WHAT YOU ARE ASKED TO DO
Reproduce the records below exactly, leaving out any pictures.
═════ SOURCE INFORMATION
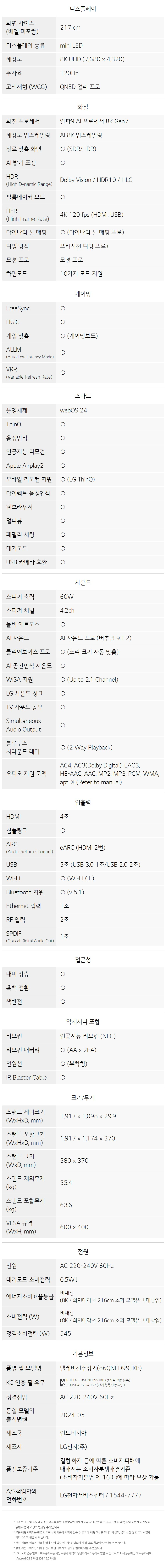 86QNED99TKB LG전자구독 [LG] QNED evo TV 86인치 제품분류 TV 제품규격 80인치이상 AS기간 렌탈기간내 최저 렌탈가 월 200,800 (렌탈가) 제휴카드 할인가 월 (렌탈가) 3년 4년 5년 6년 할인 제휴카드 보기 렌탈신청 장바구니
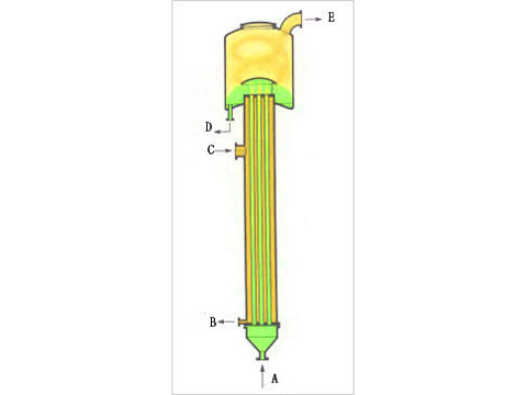 升膜式蒸發(fā)器又稱爬升膜蒸發(fā)器,它依據(jù)虹吸泵原理操作,根據(jù)在沸騰過程中產生的蒸汽氣泡的升力,液體和蒸汽并流向上流動,同時,產生的蒸汽量增加,從而,在管壁上產生流動的膜,即液體向上“爬”。并流向上運動有肋于在液體中產生高度的湍流。
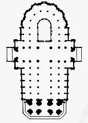 Está formada por dos naves concéntricas, cuyo arco de círculo tiene un radio de 23 metros y una superficie de 700 metros cuadrados aproximadamente. Su muro es festoneado por siete capillas, cada una de las cuales la forman tres planos, correspondientes a los tramos del ábside exterior. De norte a sur, son:
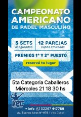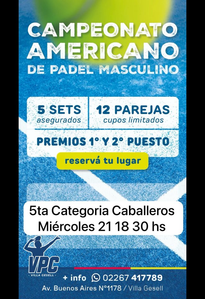 »» Evento: TORNEO AMERICANO 5TA CATEGORIA CABALLEROS »» Localidad: Villa Gesell »» Fechas: 21/02/2024 al 21/02/2024
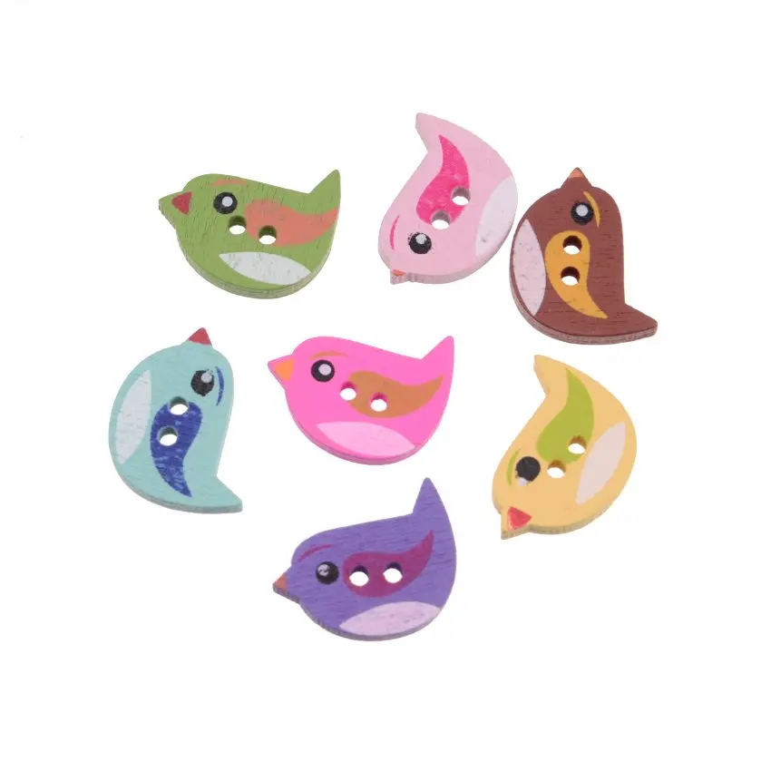 Бесплатная доставка, розничная продажа, 10 шт, разные деревянные пуговицы для шитья, 2 отверстия, рисунок птицы, скрапбукинг, 22 мм x 17,5 мм, F0240
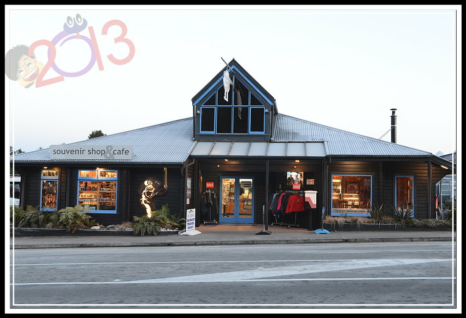 繞了一圈小鎮,想碰碰運氣...是不是可以找到郵局,將昨天準備好明信片在這名勝之地寄出。結果,小鎮不大,除了飯店外的主要道路,就僅有商店街後的幾戶住宅。而郵筒則依郵務公司分據主要道路的兩邊,而且位置就在飯店隔壁的禮品小店。而且小店兼賣咖啡,所以八點出頭天色猶昏暗不明就已經人聲鼎沸。除了旅客,也有不少當地的上班族...隔著玻璃,暖色的燈光看起來格外溫暖。
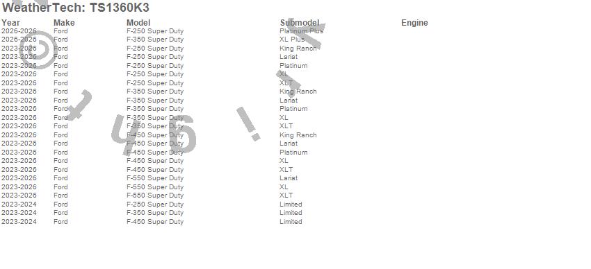 Below is an abbreviated list of applications for the WeatherTech SunShade Full Vehicle Kit.F-250 Super Duty, F-350 Super Duty, F-450 Super Duty, F-550 Super Duty, Ford, 2026, 2025, 2024, 2023
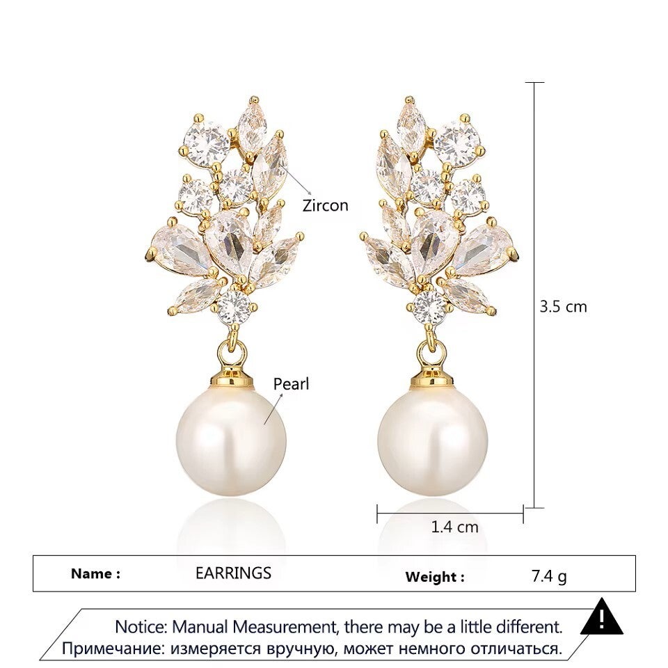 Add a touch of timeless charm to your ensemble with these exquisite drop earrings, crafted to blend classic elegance with modern sparkle. Each earring features a luminous round pearl suspended from a gold-tone setting adorned with intricately arranged zircon stones in a floral-inspired design.
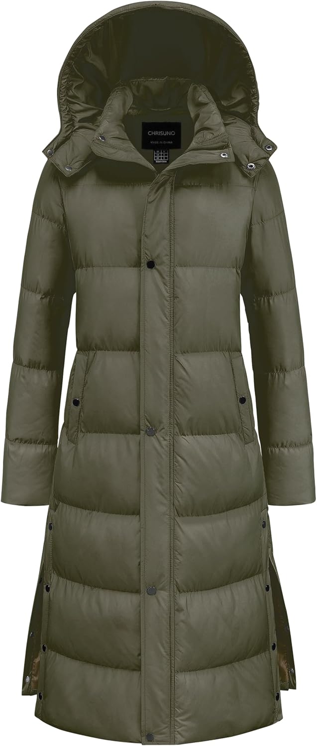 Chrisuno Women's Long Winter Coat Warm Windproof Quilted Puffer Jacket Thicken Puffy Parka With Hood
══════════
TASK SOLUTION
 86QNED99TKB LG전자구독 [LG] QNED evo TV 86인치 제품분류 TV 제품규격 80인치이상 AS기간 렌탈기간내 최저 렌탈가 월 200,800 (렌탈가) 제휴카드 할인가 월 (렌탈가) 3년 4년 5년 6년 할인 제휴카드 보기 렌탈신청 장바구니
 升膜式蒸發(fā)器又稱爬升膜蒸發(fā)器,它依據(jù)虹吸泵原理操作,根據(jù)在沸騰過程中產生的蒸汽氣泡的升力,液體和蒸汽并流向上流動,同時,產生的蒸汽量增加,從而,在管壁上產生流動的膜,即液體向上“爬”。并流向上運動有肋于在液體中產生高度的湍流。
 Está formada por dos naves concéntricas, cuyo arco de círculo tiene un radio de 23 metros y una superficie de 700 metros cuadrados aproximadamente. Su muro es festoneado por siete capillas, cada una de las cuales la forman tres planos, correspondientes a los tramos del ábside exterior. De norte a sur, son:
 »» Evento: TORNEO AMERICANO 5TA CATEGORIA CABALLEROS »» Localidad: Villa Gesell »» Fechas: 21/02/2024 al 21/02/2024
 Бесплатная доставка, розничная продажа, 10 шт, разные деревянные пуговицы для шитья, 2 отверстия, рисунок птицы, скрапбукинг, 22 мм x 17,5 мм, F0240
 繞了一圈小鎮,想碰碰運氣...是不是可以找到郵局,將昨天準備好明信片在這名勝之地寄出。結果,小鎮不大,除了飯店外的主要道路,就僅有商店街後的幾戶住宅。而郵筒則依郵務公司分據主要道路的兩邊,而且位置就在飯店隔壁的禮品小店。而且小店兼賣咖啡,所以八點出頭天色猶昏暗不明就已經人聲鼎沸。除了旅客,也有不少當地的上班族...隔著玻璃,暖色的燈光看起來格外溫暖。
 Below is an abbreviated list of applications for the WeatherTech SunShade Full Vehicle Kit.F-250 Super Duty, F-350 Super Duty, F-450 Super Duty, F-550 Super Duty, Ford, 2026, 2025, 2024, 2023
 Add a touch of timeless charm to your ensemble with these exquisite drop earrings, crafted to blend classic elegance with modern sparkle. Each earring features a luminous round pearl suspended from a gold-tone setting adorned with intricately arranged zircon stones in a floral-inspired design.
 Chrisuno Women's Long Winter Coat Warm Windproof Quilted Puffer Jacket Thicken Puffy Parka With Hood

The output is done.